__Data section__:
++++++++

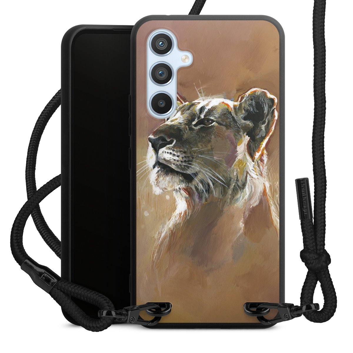 The matt black silicone case is made of flexible TPU (thermoplastic polyurethane) and offers robust protection. The durable, unbreakable material makes the cover flexible and dimensionally stable at the same time. The matte surface makes your design stand out more and is less susceptible to fingerprints and dirt. The stylish trend accessory fits comfortably in the hand and is perfectly complemented by the fabric (polyester) mobile phone strap. The braided fabric strap is approx. 1.70 metres long with a diameter of approx. 0.5 cm. Due to the special knotting technique, the length of the strap can be adjusted by simply pulling it, so that you can adapt it individually to your wishes. The practical case to wear around your neck is available with the fabric strap in black. As a little icing on the cake, we have provided the strap with a chic metal fastener in matt black. The strap is securely fastened to the case with loops made of high-quality genuine leather and press studs. The ends of the fabric strap are covered with metallic end caps and thus protected from fraying.
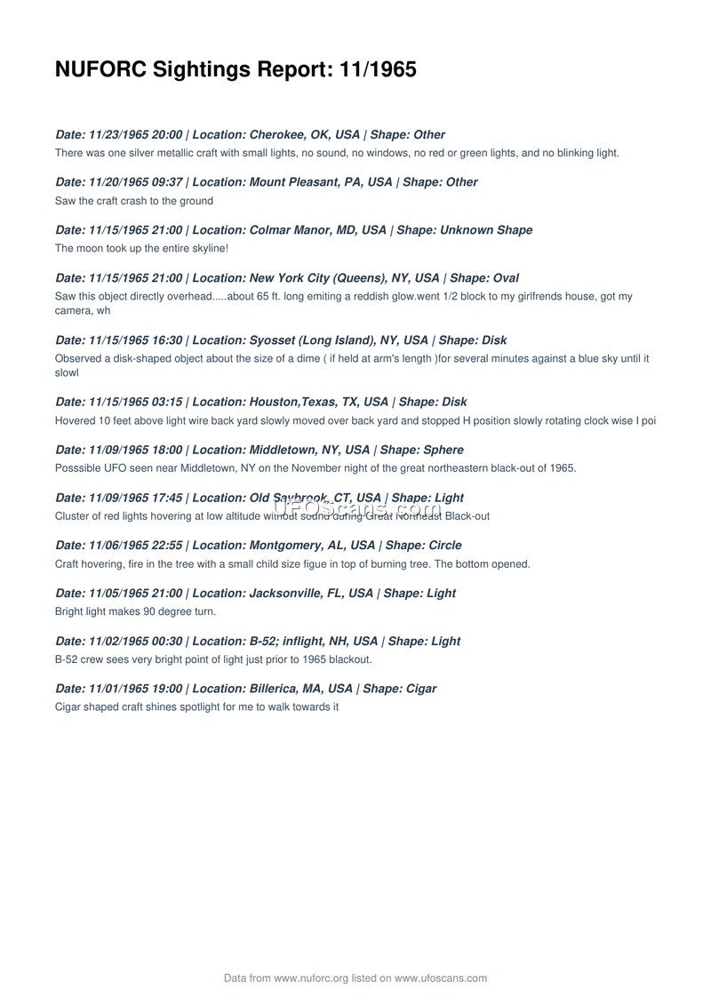 A chronological list of twelve UFO sightings reported in the United States during November 1965. The reports include diverse descriptions of aerial phenomena, some occurring during the Great Northeast Blackout.
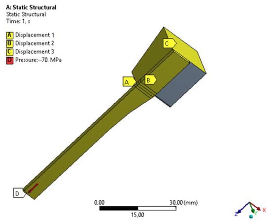 As for the boundary conditions, to emphasize the true geometrical effect and to exclude the effect of different (Force vs. Elongation) curves, a uniform stress of 70 MPa was applied to every numerical study, with a frictional contact between the specimen and the gripping jaw alongside with a zero displacement of the gripping jaw, as shown in Figure 5.
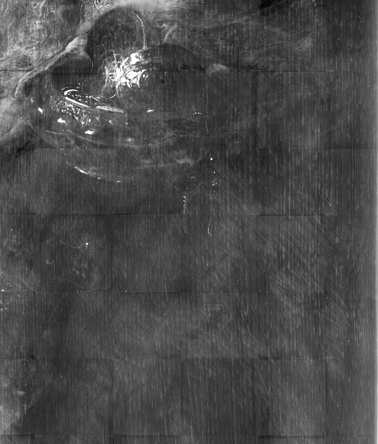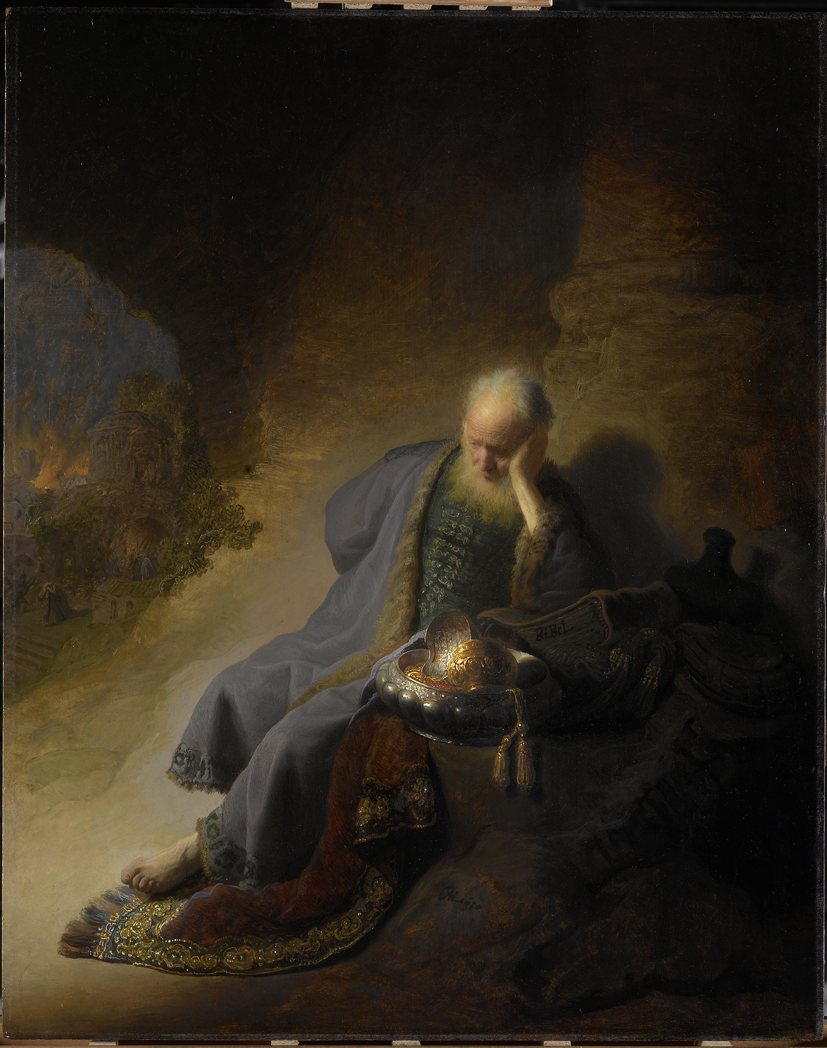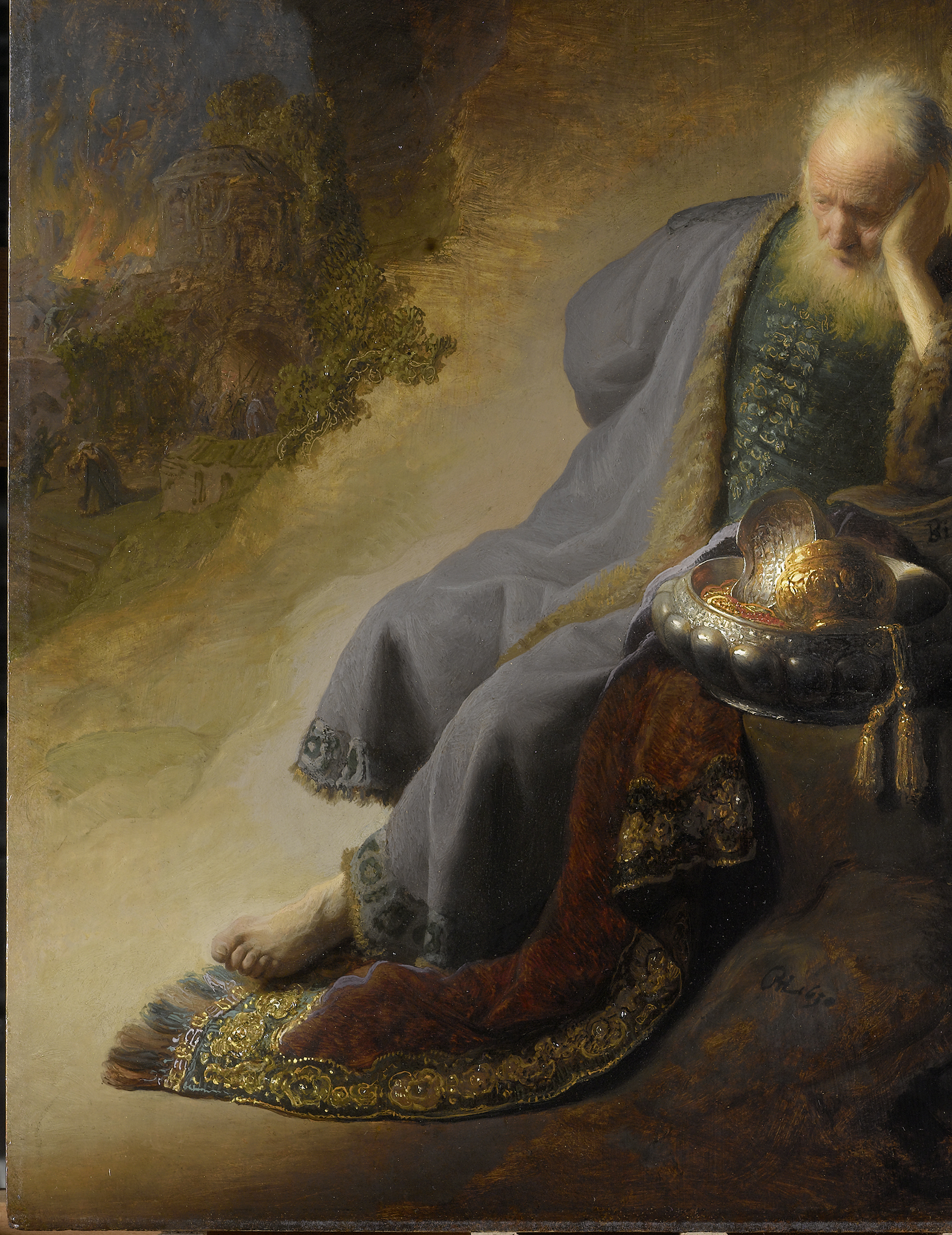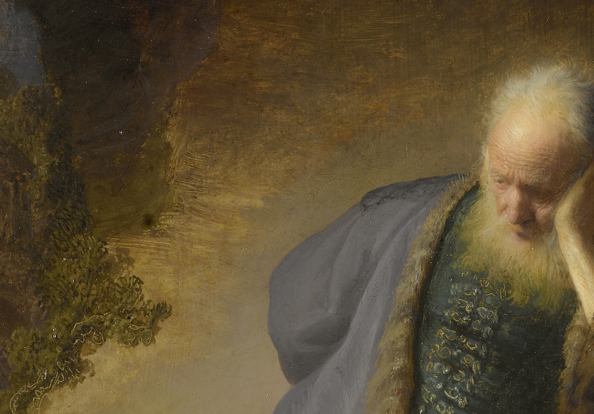 Rembrandt’s interest in creating a more convincing depiction of nature led him to exploit the possibilities of light-colored grounds to suggest light and space.32 His early masterpiece Jeremiah Lamenting the Destruction of Jerusalem from 1630, a groundbreaking painting due to its innovative technique and psychological intensity (fig. 12), represents a high point of this more tonal approach and shows how he achieved both houding and welstand by making use of the ground. The conventional ground comprises an upper ground layer of lead white and a little brown earth pigment, applied over the lower chalk ground.33 The lead white in the upper ground layer absorbs X-rays sufficiently to show the grain of the wood (fig. 13). The ground shimmers through the areas of open brushwork, providing luminosity to the scene. It is also left exposed in a few areas of broad scratching inscribed into the wet paint of the braiding on the doublet and in the foliage at the left. A large, diagonal section of ground to the left of the prophet shows through the thinly applied ocher-colored paint used to evoke the sandy desert landscape (figs. 14 and 15). Remarkably, the reflective properties of the exposed ground appear to emanate from within the painting itself, providing an indirect source of light that illuminates the figure of Jeremiah and intensifies the purplish hue of his cloak. This subtle interplay between the warm-toned ground and the cool purple of his garment creates a sophisticated color harmony. The ground’s luminous quality transforms what might otherwise be empty space into an active participant in the painting’s narrative—setting Jeremiah apart from his vision, depicted in the background on the left, while simultaneously fusing the two pictorial realms and opening the painting up to complex theological interpretations.34 Fine, diagonal scratches in the ground, possibly with a pumice stone, are visible in the thinly painted lower foreground, suggesting Rembrandt went to considerable effort to enhance the optical properties of the ground.35

++++++++

__Work required__: Reproduce the full material exactly, excluding the pictures.

__Problem solution__:
 The matt black silicone case is made of flexible TPU (thermoplastic polyurethane) and offers robust protection. The durable, unbreakable material makes the cover flexible and dimensionally stable at the same time. The matte surface makes your design stand out more and is less susceptible to fingerprints and dirt. The stylish trend accessory fits comfortably in the hand and is perfectly complemented by the fabric (polyester) mobile phone strap. The braided fabric strap is approx. 1.70 metres long with a diameter of approx. 0.5 cm. Due to the special knotting technique, the length of the strap can be adjusted by simply pulling it, so that you can adapt it individually to your wishes. The practical case to wear around your neck is available with the fabric strap in black. As a little icing on the cake, we have provided the strap with a chic metal fastener in matt black. The strap is securely fastened to the case with loops made of high-quality genuine leather and press studs. The ends of the fabric strap are covered with metallic end caps and thus protected from fraying.
 A chronological list of twelve UFO sightings reported in the United States during November 1965. The reports include diverse descriptions of aerial phenomena, some occurring during the Great Northeast Blackout.
 As for the boundary conditions, to emphasize the true geometrical effect and to exclude the effect of different (Force vs. Elongation) curves, a uniform stress of 70 MPa was applied to every numerical study, with a frictional contact between the specimen and the gripping jaw alongside with a zero displacement of the gripping jaw, as shown in Figure 5.
 Rembrandt’s interest in creating a more convincing depiction of nature led him to exploit the possibilities of light-colored grounds to suggest light and space.32 His early masterpiece Jeremiah Lamenting the Destruction of Jerusalem from 1630, a groundbreaking painting due to its innovative technique and psychological intensity (fig. 12), represents a high point of this more tonal approach and shows how he achieved both houding and welstand by making use of the ground. The conventional ground comprises an upper ground layer of lead white and a little brown earth pigment, applied over the lower chalk ground.33 The lead white in the upper ground layer absorbs X-rays sufficiently to show the grain of the wood (fig. 13). The ground shimmers through the areas of open brushwork, providing luminosity to the scene. It is also left exposed in a few areas of broad scratching inscribed into the wet paint of the braiding on the doublet and in the foliage at the left. A large, diagonal section of ground to the left of the prophet shows through the thinly applied ocher-colored paint used to evoke the sandy desert landscape (figs. 14 and 15). Remarkably, the reflective properties of the exposed ground appear to emanate from within the painting itself, providing an indirect source of light that illuminates the figure of Jeremiah and intensifies the purplish hue of his cloak. This subtle interplay between the warm-toned ground and the cool purple of his garment creates a sophisticated color harmony. The ground’s luminous quality transforms what might otherwise be empty space into an active participant in the painting’s narrative—setting Jeremiah apart from his vision, depicted in the background on the left, while simultaneously fusing the two pictorial realms and opening the painting up to complex theological interpretations.34 Fine, diagonal scratches in the ground, possibly with a pumice stone, are visible in the thinly painted lower foreground, suggesting Rembrandt went to considerable effort to enhance the optical properties of the ground.35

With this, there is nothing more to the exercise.